BM Population of CD45+Col+ Cells Differentiates Into Fibrocytes in Vitro

BM transplantation experiments in mice indicate that fibrocytes have a hematopoietic origin. Consistently, fibrocytes are isolated by outgrowth of cultures of peripheral mononuclear or splenic cells3 and are described as spindle-shaped CD45 and Col+ cells,3 which share expression of some markers with cells of myelomonocytic lineage18 and undergo several stages of maturation.19 Meanwhile, the BM counterpart of tissue fibrocytes has not been identified. To look for fibrocyte precursors, we examined the BM of BMT chimeric Col-GFP→wt mice,4 in which all BM-derived Col+ cells are labeled by GFP expression.16

Monitored by GFP expression, CD45+Col+ cells were detected in the BM (0.2% ± 0.1%) of untreated Col-GFP→wt mice (Figure 4A). In response to hepatotoxic liver injury (CCl4, 16 injections over 8 weeks), their number increased to 1.8% (0.6%) of total BM cells (Figure 4, A and C). They expressed CD11b (82% ± 7%), Ly-6C (75% ± 6%), F4/80 (25% ± 5%), and CD115 (53% ± 6%; Figure 4, A and B), low levels of CD14, and CD68 (Figure 4D), resembling CD11b+Ly6c+CCR2+CD115+ monocytes.20 Similar to mature fibrocytes,18 CD45+Col+ cells expressed chemokine receptors CCR1 (15% ± 5%) and CCR2 (18% ± 4%; Figure 4A), major histocompatibility complex class II (18% ± 10%), and hematopoietic markers CD34, CD133, CD105, and Thy1.1 (Figure 4, B and 4D).20

Figure 4.

Figure 4

BM CD45+Col+ cells represent precursors of liver fibrocytes. A: Flow cytometry. BM CD45+Col+ cells constitute 0.2% of total BM cells in untreated Col-GFP→wt mice (dot plot) and express monocyte CD11b+Ly6c+CCR2+CD115+ markers (histograms). B: BM CD45+Col+ cells from untreated Col-GFP→wt mice express markers of hematopoietic progenitors. C: The number of CD45+Col+ cells is increased in Col-GFP→wt mice in response to CCl4. D: Comparative analysis of antigen profile of BM CD45+Col+ cells with and without CCl4 liver injury. Bars represent mean ± SEM fluorescent intensity.

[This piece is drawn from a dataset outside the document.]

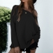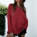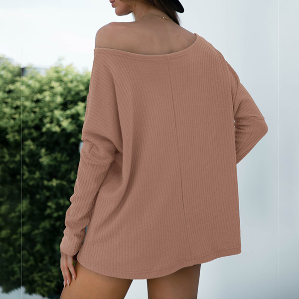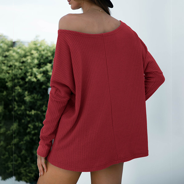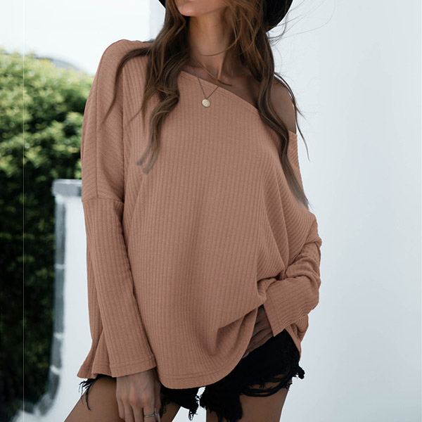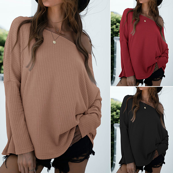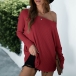 Sexy Oblique Shoulder Long Sleeve Solid Color Loose T-shirt

To test whether BM CD45+Col+ cells possess fibrocyte features, CD45+Col+ cells were purified from BM by cell sorting4 for double-positive CD45+ and Col-GFP+ cells (Figure 5A) and characterized by structure and gene expression. Expression of collagen type I in purified BM CD45+Col+ cells was confirmed by positive staining with anti–collagen type I antibody (Figure 5A) but not with isotype-matched control antibody (data not shown).

Figure 5.

Figure 5

BM CD45+Col+ FPs is regulated by TGF-β1 and LPS. A: Isolated BM GFP+ cells expressed CD45 and collagen type I, detected at IHC. B: BM CD45+Col+ cells, cultured on plastic in RPMI plus 10% fetal calf serum with or without 5 ng/mL TGF-β1 were stained using anti–α-SMA antibody. C: Adoptively transferred BM CD45+Col+ cells migrated specifically to fibrotic livers (n = 6) in BDL mice. Whole liver sections, bile ducts (BD), bile infarcts (BI), and adoptively transferred GFP+ are shown (arrows). Scale bars = 50 μm. D: Col-GFP→wt mice (n = 5 mice per group) are infected i.v. with TGF-β1–expressing adenovirus (Ad–TGF-β1, 1 × 108 PFU) or control adenovirus (Ad-virus), or injected with 6 μg/g LPS. In vivo migration of fibrocytes (arrows) is examined at 72 hours after injury.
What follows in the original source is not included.